Disconnect your phone from Wi-Fi and visit https://ifconfig.co/ . If you're a Verizon customer, it's probably going to show you an IPv6 address. It's huge, right now, today.
Fair. I bet that'll change soon though. My prediction is that it'll be a mobile-first game, like the next Pokemon Go sort of thing, that'll be IPv6-only.
Plenty of mobile users use wifi at home/work. Telling them to disable their ipv4-only wifi just to play your game is going to be a non-starter, especially when the cost of ipv4 address adds negligible cost to infrastructure. Is your CTO really going to massively increase user friction ("turn of your wifi to play!") just so try to save a few cents (comparatively speaking) on infra?
this isn't true. I know because at some point XFinity started dropping ipv6 connections for me and I noticed because a number of sites (forget which) were broken
What do you mean by dropping ipv6 connections, like dropping ipv6 packets? That's only an issue if you're using v6. I disabled ipv6 on my router years ago and have never had a problem just using v4.
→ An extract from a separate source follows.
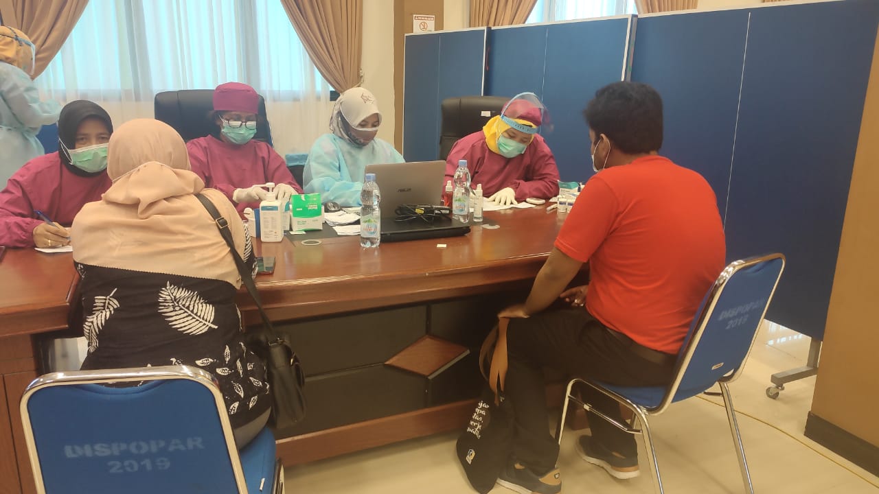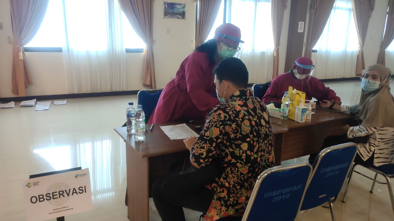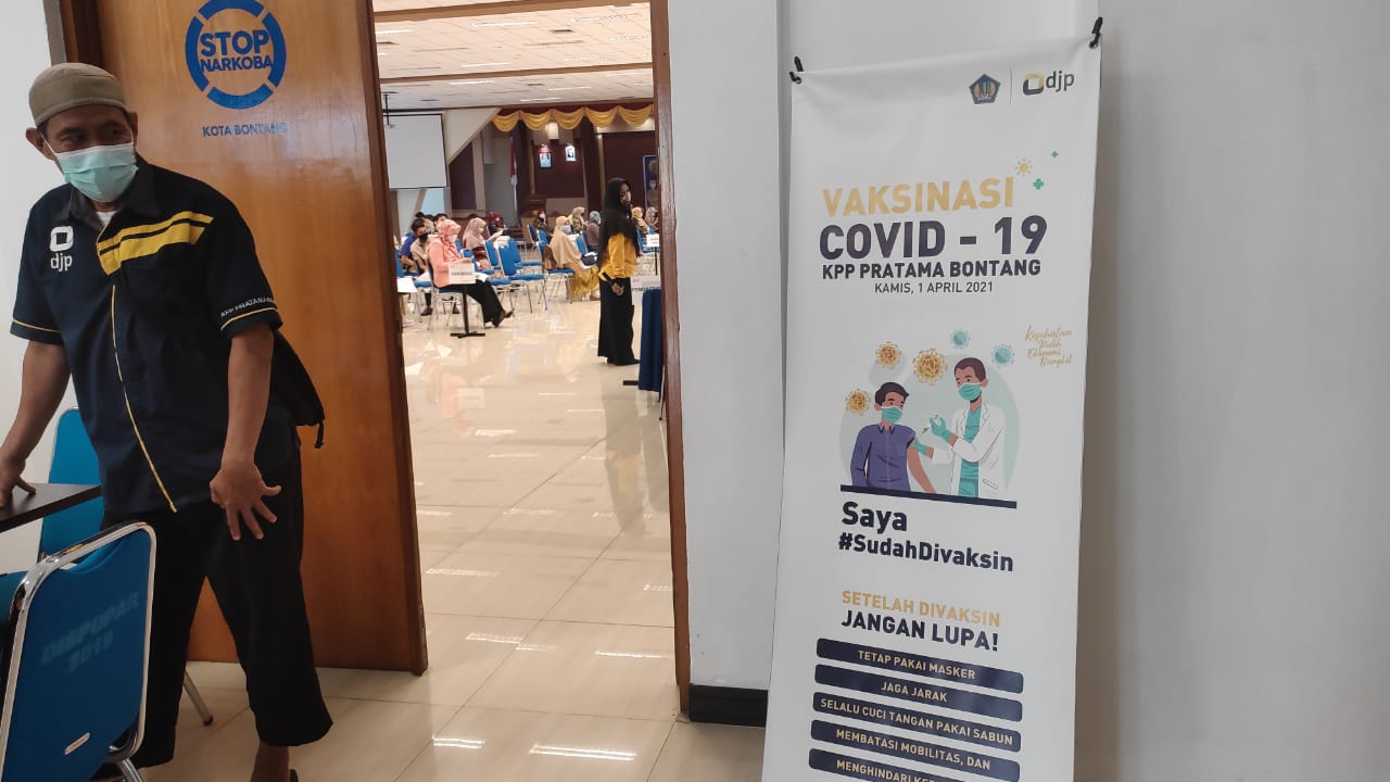 Kepala Kantor Pelayanan Pajak (KPP) Pratama Bontang Hanis Purwanto bersama seluruh pegawai mengikuti progam vaksinasi Covid-19 tahap pertama berlokasi di Aula Gedung Dinas Pemuda dan Olahraga (Dispora) Kota Bontang (Kamis, 1/4). Kegiatan vaksinasi ini juga diikuti jajaran dinas di Kota Bontang.

True, but irrelevant to my point. Whether a particular ISP supports doesn’t matter: it is being widely used by the rest of the world, to the point that it’s half of Google’s traffic.
Vodafone's network is reported to handle around 20% of the world's traffic. It's not a random ISP. It's network does not support IPv6. It is how a big chunk of all internet users experience the internet. Claiming it doesn't matter in a discussion over IPv6 adoption rate is ludicrous.